Werden die Wetterbedingungen besser wie zurzeit, wagen wieder mehr Migranten und Flüchtlinge die Überfahrt von der Türkei nach Griechenland und riskieren dabei ihr Leben. Letzte Woche erst sind sieben Menschen vor Lesbos ertrunken, darunter zwei Kinder.
Ohne jegliche Infrastruktur
Der Afghane Hussein-Ali ist einer der Flüchtlinge. Zusammen mit seiner Frau und seinen zwei kleinen Kindern wohnt der 31-Jährige in einem Zelt ausserhalb des offiziellen Camps von Moria, im Olivenhain. Dort hat sich eine regelrechte Zeltstadt ohne jegliche Infrastruktur mit 1000 Menschen gebildet.
Ali lebt mit seiner Familie in einem kleinen Kunststoffzelt: «Mein Freund hat uns dieses zur Verfügung gestellt, denn ein eigenes haben wir nicht.» Man habe ihnen gesagt, dass das Lager voll sei und kein Zelt übrig sei.
Der Freund ist der 18-jährige Ali Reza, ebenfalls Afghane. Die Umstände in Moria seien unmenschlich. «Es sind einfach zu viele Menschen hier, das Camp ist überfüllt, die Toiletten dreckig, das Essen schlecht.»

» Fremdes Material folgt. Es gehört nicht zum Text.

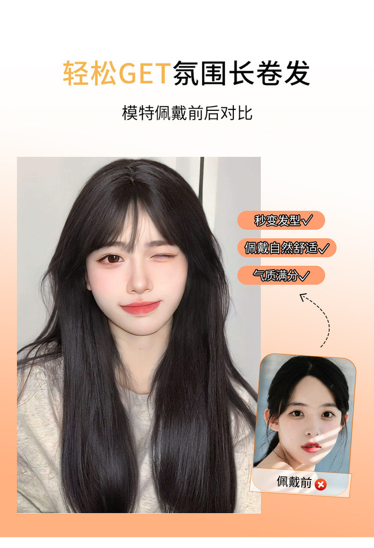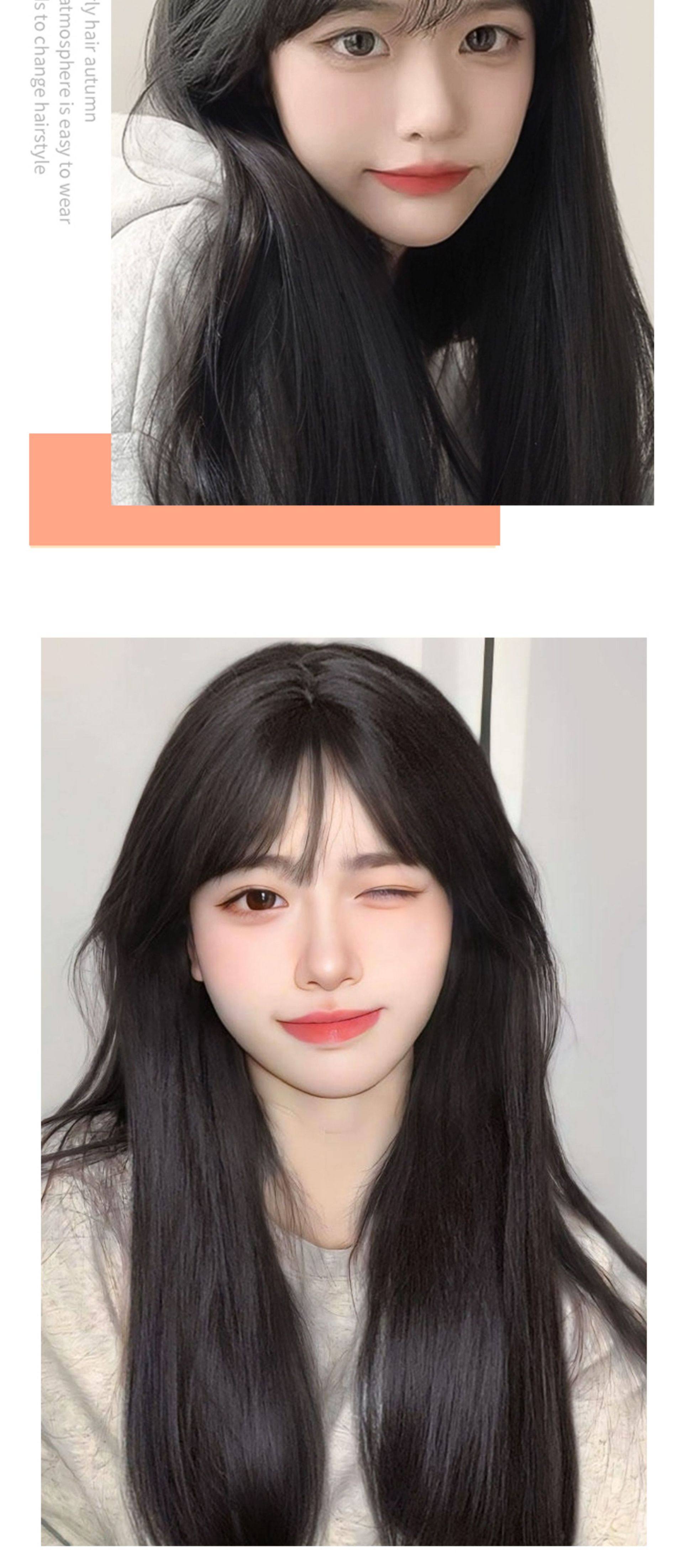 跨境热销假发女生长发长直发全头套式空气刘海黑长直假发全头发型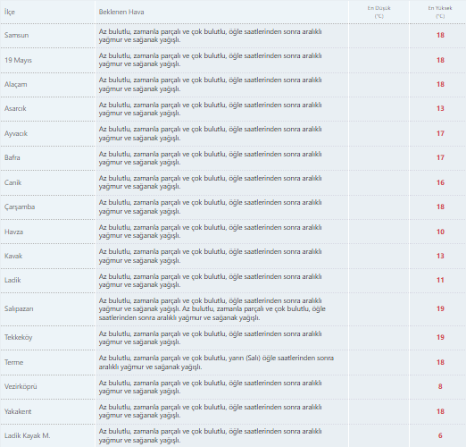 SAMSUN MERKEZ VE İLÇELERDE HAVA DURUMU
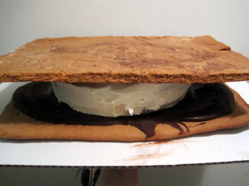 to look like a smore, cracker, chocolate, white cake (frosted) & topped w/cracker.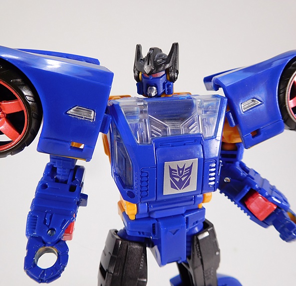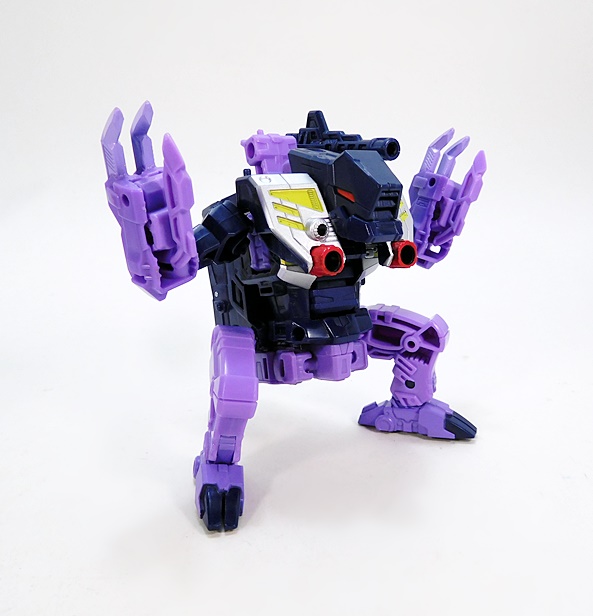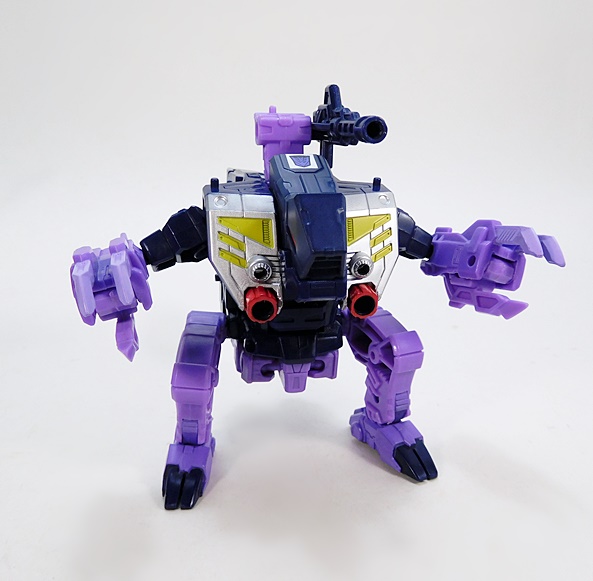 Blot is built off of the same engineering as Rippersnapper, and just like Cutthroat and Sludge, he borrows some parts but the majority of the figure has been reworked to make Blot his own bot. With that having been said, I really dig Blot’s overall profile. He’s got a big, beefy chest, powerful forearms equipped with slashing blades, and some beast legs folded up on his lower legs that adds to his bulk without being too kibble-y. The back of the package refers to him as a foot-soldier and that’s exactly what his robot design conveys to me. To me, this is a no-nonsense Decepticon trooper through and through.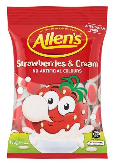 Allens Strawberries and Cream 190g (Sold as Each, 12 in a Box) Adelaide Direct Stationers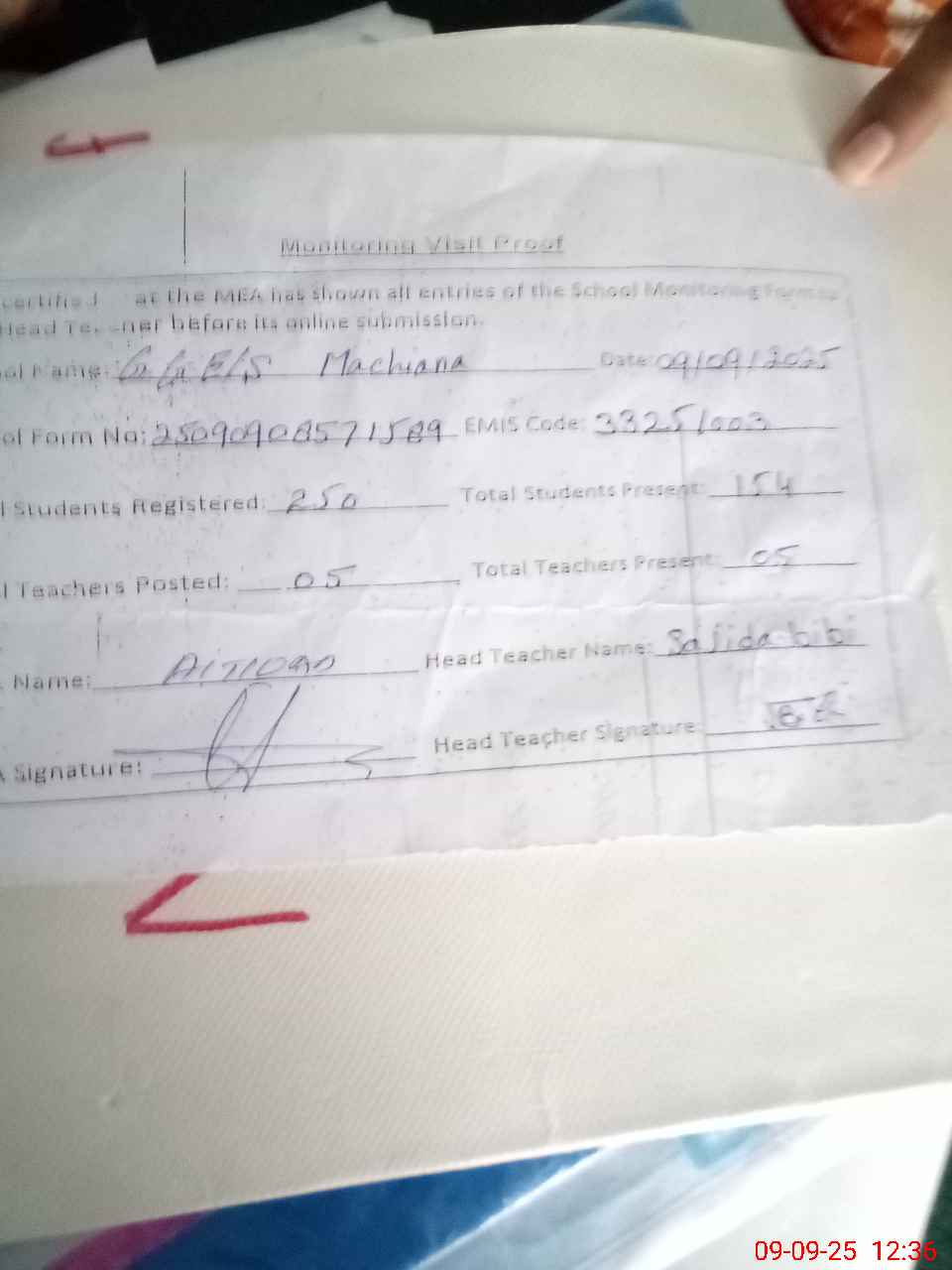 | EMIS Code: 33251003 | Name of School: GGES MACHYANA | |||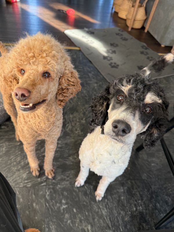 Happy healthy ,these two are amazing poodles with wonderful dispositions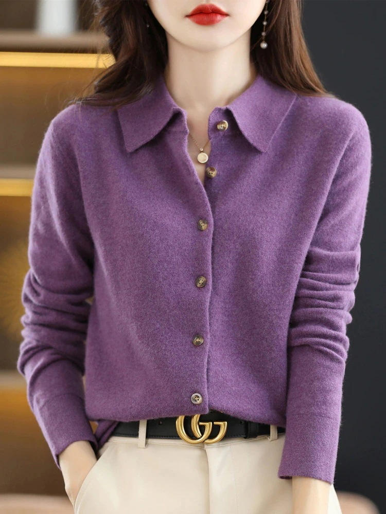 カーディガンポロシャツ春用ニットカーディガン女性用 ラペルジャケット女性用秋用ゆったり長袖カーディガンニットセーター女性用セーター

Kinder würden unter diesen schlechten Lebensbedingungen am meisten leiden, sagt Kinderärztin Carola Buscemi von den Ärzten ohne Grenzen. In der provisorischen Containerklinik der Hilfsorganisation untersucht die 33-jährige Italienerin rund 60 Kinder am Tag.
Psychisch kranke Kinder
«Die meisten Kinder haben Virusinfekte, Atemwegserkrankungen oder Magendarmerkrankungen. Bei so vielen Menschen auf engstem Raum übertragen sich die Viren schnell.»
Besonders schockierend ist für Buscemi, dass immer mehr Kinder psychisch erkranken. Diese Kinder seien vorbelastet, hätten in ihrer Heimat und auf der Reise Schlimmes erlebt, aber stets die Hoffnung auf ein besseres Leben gehabt. «Dann erreichen sie Moria und die Hoffnung, die sie hatten, geht zugrunde.»
Diese Bedingungen seien kein Zufall, glaubt die Menschenrechtsaktivistin Lorraine Lead. Die US-Amerikanerin engagiert sich seit über zwei Jahren im Support-Centre Mosaik und hilft den Geflüchteten von Moria in ihrem Asylverfahren.
Die Bedingungen im Camp sollen ein klares Signal an die Flüchtlinge und Migranten ausstrahlen: «Moria wird bewusst in dieser Verfassung gehalten. Das ist Teil der europäischen Flüchtlingspolitik und soll der Abschreckung dienen.»
Es sei der erste Ort, an dem die Flüchtlinge ankämen und sie wüssten schon vor ihrer Ankunft, wie schlecht es dort sei. Aber: «Dieser Ansatz funktioniert nicht, die Menschen kommen nach wie vor. Es bildet sich nur ein Slum am Rande Europas.»
«Ich möchte ins echte Europa»
Das griechische Migrationsministerium weist jede Verantwortung von sich. Das Lager habe nun mal eine begrenzte Kapazität. Es sei für 3100 Menschen ausgelegt, sagt Vize-Campmanager Dimitris Vafeas. Langfristig könne es nur eine Lösung geben: «Es muss eine Umverteilung der Flüchtlinge geben. Griechenland kommt mit der Zahl der ankommenden Menschen einfach nicht klar.»
Schliesslich würden die meisten Flüchtlinge Griechenland nach wie vor als Zwischenstopp sehen. Hier bleiben wolle kaum jemand. Auch Hussein Ali nicht: «Ich möchte weiter, und zwar ins echte Europa, damit meine Kinder eine Zukunft haben.» Doch einen legalen Weg nach Zentraleuropa gibt es für ihn nicht. Eine Weiterreise würde bedeuten, dass er und seine Familie sich wieder in die Hände der Schlepper begeben müssten.